You know those milestones in your life that will forever change you? I'm talking about instances such as - getting married, having a child, sex, etc. I remember back to some of these events and leading up to them I would always think things like; this will be the last time I _______
- sleep in bed ALONE
- write the name Christensen
- wear real shorts
- wear a two piece
- sleep for 8 hours straight
I've started doing it again. Now it is always a question in my head, will this be the last time I ______ in Wisconsin?/at our house?
- refill the Jet Dry in the dishwasher
- sweep out the garage
- go get a Kopp's custard
- have to rake our lawn
- buy something at this Target
- visit this playground
The list gets longer and longer as moving time approaches. 31 days isn't very long considering all the crap I have to get done. I don't know how my mom did this almost 10 times. And she has five kids. 10 moves, all but one or two of them were moves further than 750 miles away. Granted, she had moving companies doing the packing for many of the moves, but that is a lot of work regardless. My sisters and I moved around a lot as kids, so much so that I went to three different high schools in three different states. Each time my dad told us we were moving he tried to make it fun and appropriate for the place we were going. Examples:
- Living in Kansas at the time, driving home from church on Sunday my dad decides he needs to get something at the gas station. Naughty. So he goes in and comes back with 7 pairs of sunglasses - and proceeds to tell us we were moving to Florida. Brutal.
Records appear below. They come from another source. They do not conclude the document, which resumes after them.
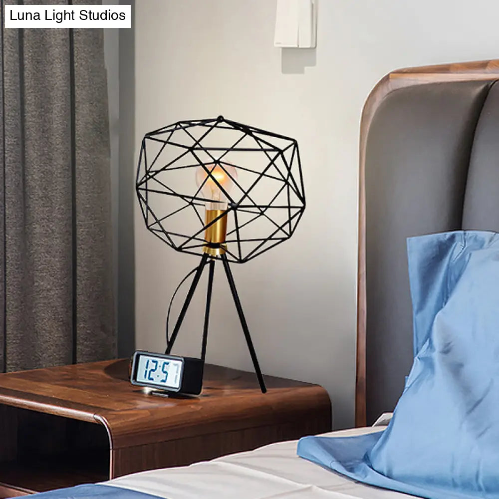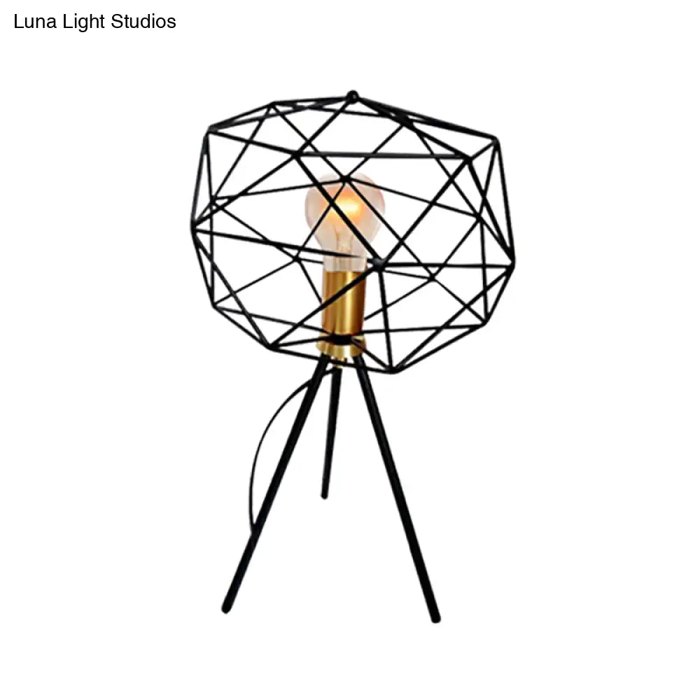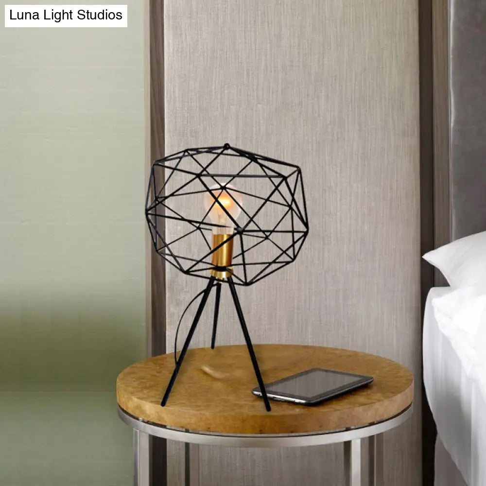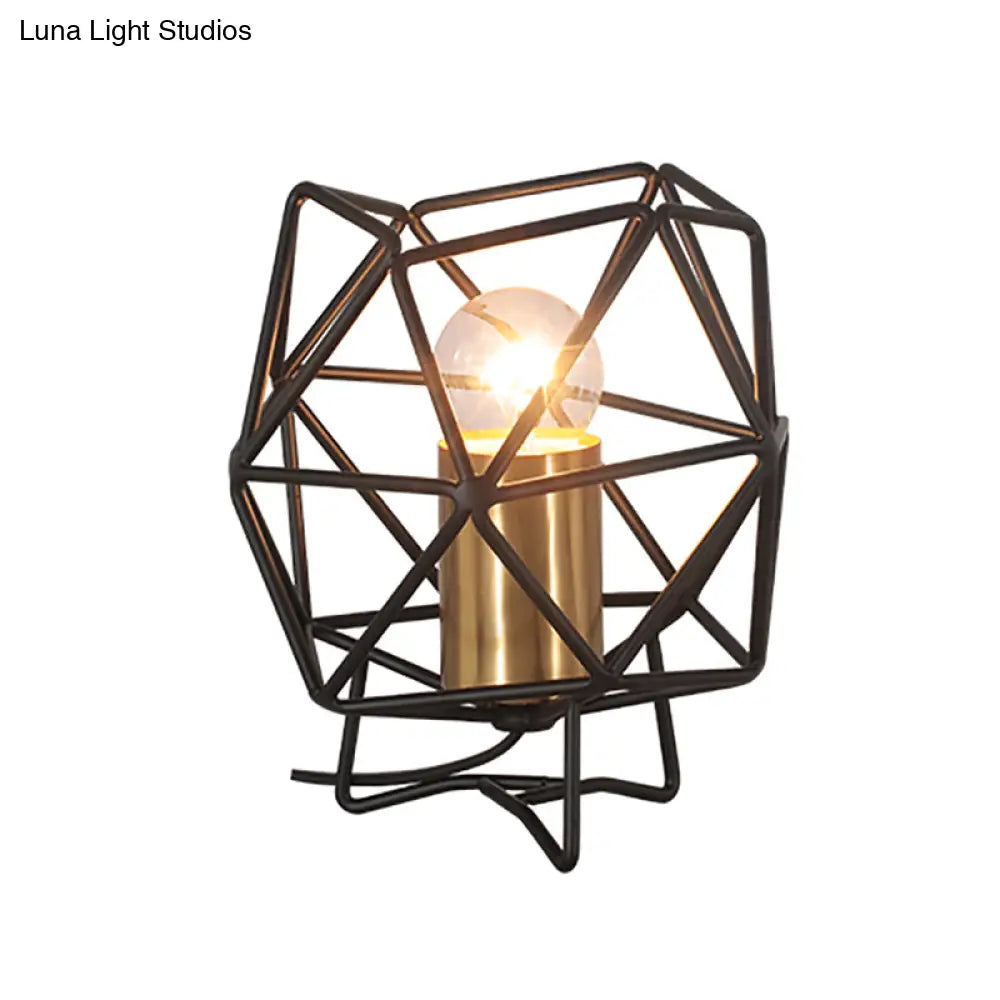 Lámpara de mesa metálica geométrica tipo jaula de 6"/12.5" de ancho - Lámpara de noche retro industrial en negro
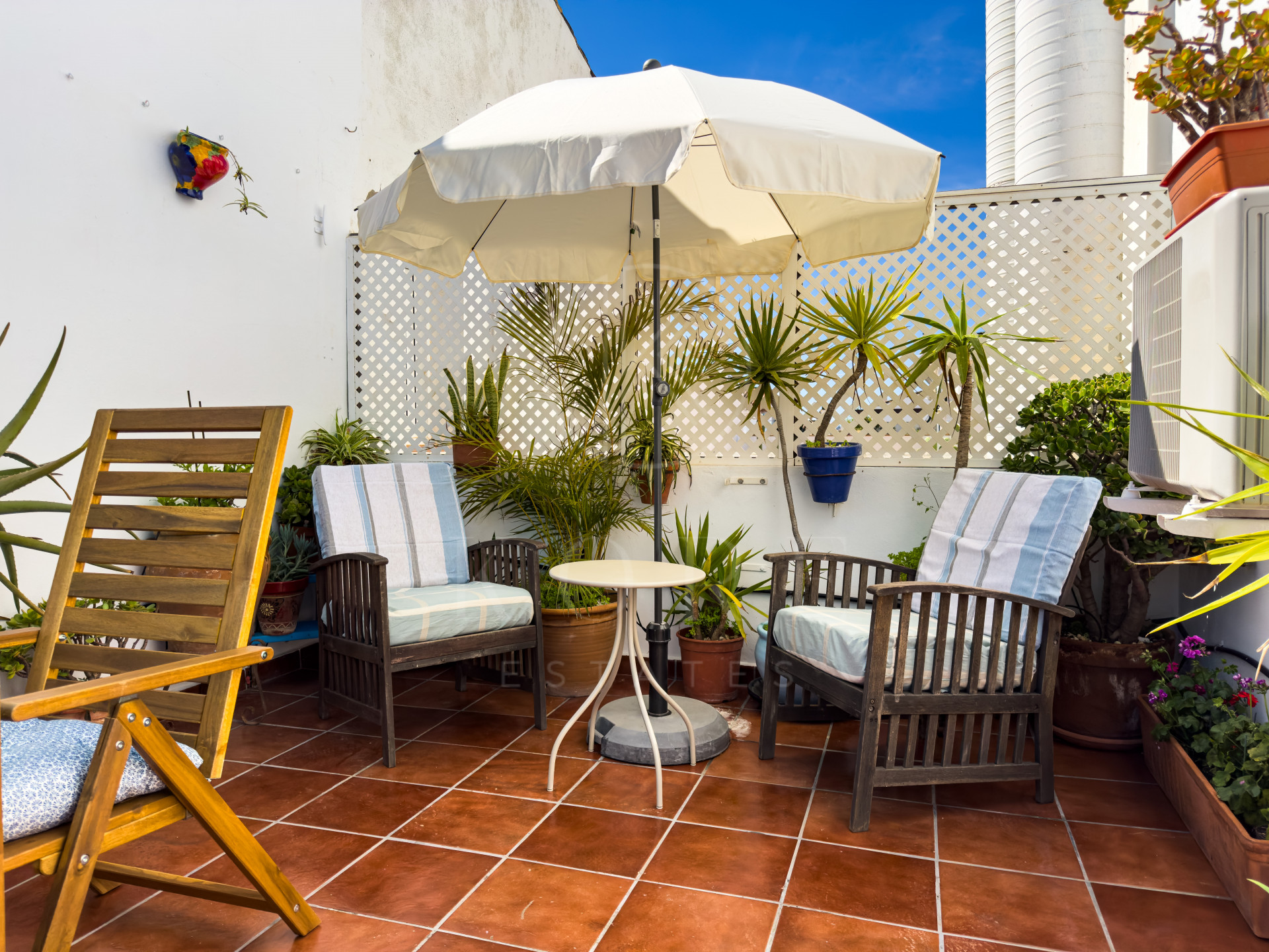 This penthouse is distributed in a functional way to satisfy the most demanding needs. It has 2 spacious bedrooms, one of them with an en-suite bathroom, and an additional bathroom. The property is in excellent condition and is completely refurbished and furnished, ready to move into. The kitchen is fully equipped with electrical appliances, it has a large terrace perfect for enjoying relaxing moments with partial views of the sea and the marina. It has details such as double glazing, fitted wardrobes, and air conditioning to maintain a perfect temperature inside the property.
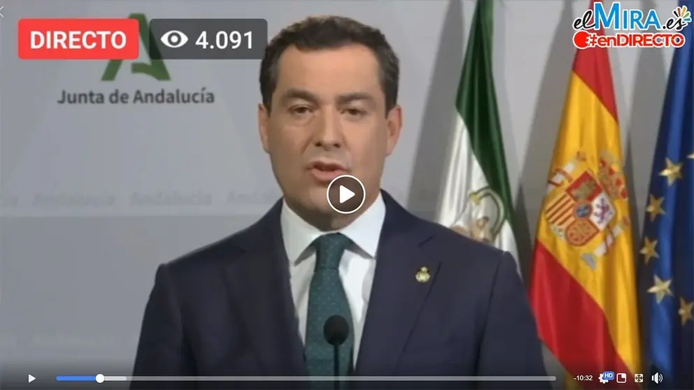 La cita era muy esperada, los andaluces estaban expectantes, necesitaban conocer que iba a ocurrir en los próximos días. Desde El MIRA pudieron ver en directo una intervención de poco más de 11 minutos del presidente de la Junta de Andalucía, Juanma Moreno. Hay que recordar que el líder popular presidió el miércoles en San Telmo la reunión del Comité de Expertos para analizar la situación de la pandemia Covid-19 y las posibles nuevas medidas para frenarla. Tras analizar los últimos datos del coronavirus la comunidad autónoma andaluza, el presidente trata con los expertos de frenar el avance de la pandemia. La decisión está tomada, el cierre de Andalucía.
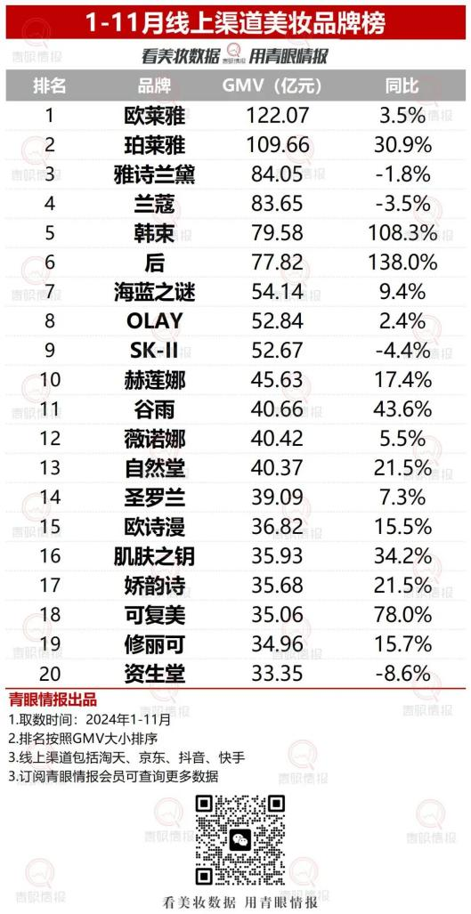 雖然,從絕對GMV上,上述外資品牌的成績遠遠超過了當下大部分的國貨品牌。但同時,青眼也注意到,從線上渠道來看,雅詩蘭黛、蘭蔻、SK-II、資生堂品牌均為負增長,其中資生堂甚至下滑了8.6%。
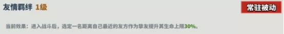 描述:进入战斗后,选定一名距离自己最近的友方作为挚友提高其生命上限30%。
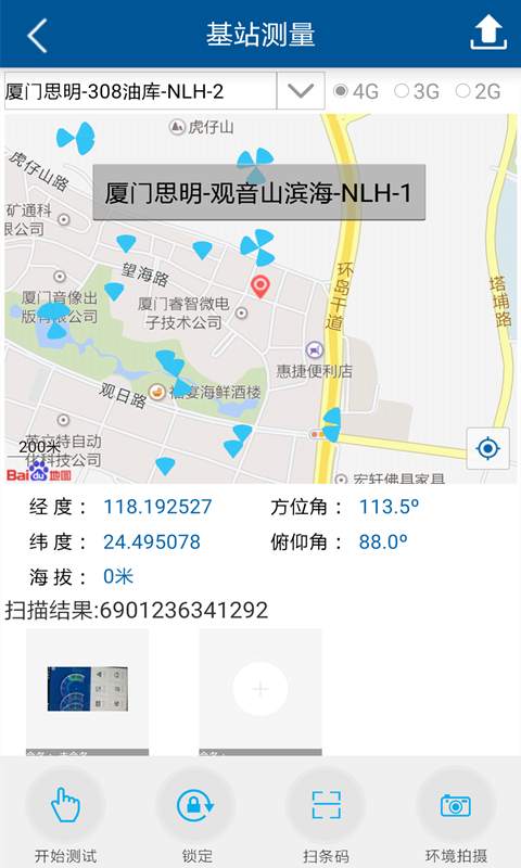 5、基站测量:网优/督导可通过手机传感器获取天馈的挂高、方位角、机械俯仰角经纬度等物理参数,并配有照相功能记录天馈周围的实际环境。在导入工参之后能自动匹配小区并在地图上显示与之相关的周围的站点分布情况;

- Living in Florida, my parents decide we should go out to dinner as a family. What do they pick.... California Pizza Kitchen - and so, just 9 months after having moved to Florida we are told we will now be moving to California, at dinner. (it's odd but you would think I would have bad feelings for that restaurant now, but I don't)
It didn't get easier with time either. Each one was just as hard as the first. And it didn't help that I'm not that outgoing. I don't talk to people I don't know. And I'm not very social. What was I supposed to do, go up to random people and say, "hi, I'm new here, will you be my friend, for anywhere between 9 months to 2 years?" Thank goodness I was an athlete and played basketball. Instant friends!
So, then I graduated and moved again - this time to college. I joined a sorority, and again, instant friends - some not as instant as others - but it made it easier. And now I will be leaving Wisconsin, moving back to California - which I left almost 13 years ago. That is such a long time. And even though I've lived there before, the circumstances are so different this time around that it may as well be Alaska. It's unfortunate that moving has taught me not to put time and effort into making close friendships. The inevitability of me leaving one day was always in the back of my mind. I guess that's why I chose a husband who's career required him to stay in one place; and hopefully, California will turn out to be that place.
2 comments:
I'm thinking it also probably helped that all you Christensen girls were fun, nice, smart, funny and gorgeousimo. Just a guess.
I think moving gets harder the older you get. This is the hardest move so far. It's should have been the best, a real job, money etc. So if it rough give yourself a break it been 9 month and I'm still a mess.